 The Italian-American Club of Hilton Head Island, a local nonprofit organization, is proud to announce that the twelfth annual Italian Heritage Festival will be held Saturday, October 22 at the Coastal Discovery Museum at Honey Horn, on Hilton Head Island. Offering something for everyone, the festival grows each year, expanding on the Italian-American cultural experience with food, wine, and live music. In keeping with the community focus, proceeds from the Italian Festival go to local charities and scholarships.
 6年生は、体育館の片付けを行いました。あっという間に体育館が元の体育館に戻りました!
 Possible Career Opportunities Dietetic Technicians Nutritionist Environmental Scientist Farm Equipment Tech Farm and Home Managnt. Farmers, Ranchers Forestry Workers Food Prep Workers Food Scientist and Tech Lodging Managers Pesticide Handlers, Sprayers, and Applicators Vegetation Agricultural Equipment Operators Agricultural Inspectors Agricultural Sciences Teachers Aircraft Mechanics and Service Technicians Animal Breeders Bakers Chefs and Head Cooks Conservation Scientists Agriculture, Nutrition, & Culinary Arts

...

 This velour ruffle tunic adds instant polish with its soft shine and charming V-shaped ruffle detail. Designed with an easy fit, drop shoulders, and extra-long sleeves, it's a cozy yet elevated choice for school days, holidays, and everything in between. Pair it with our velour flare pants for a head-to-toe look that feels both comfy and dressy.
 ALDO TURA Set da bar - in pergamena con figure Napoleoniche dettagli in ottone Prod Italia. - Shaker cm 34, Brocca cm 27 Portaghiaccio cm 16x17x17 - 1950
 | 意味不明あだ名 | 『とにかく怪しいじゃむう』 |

## Task brief
In the listing above, find the line with "ALDO TURA Set" and the line with "意味不明あだ名 | 『とにかく怪しいじゃむう』 |", then print exactly those two lines and every line between them, and nothing more.

## Written response
 ALDO TURA Set da bar - in pergamena con figure Napoleoniche dettagli in ottone Prod Italia. - Shaker cm 34, Brocca cm 27 Portaghiaccio cm 16x17x17 - 1950
 | 意味不明あだ名 | 『とにかく怪しいじゃむう』 |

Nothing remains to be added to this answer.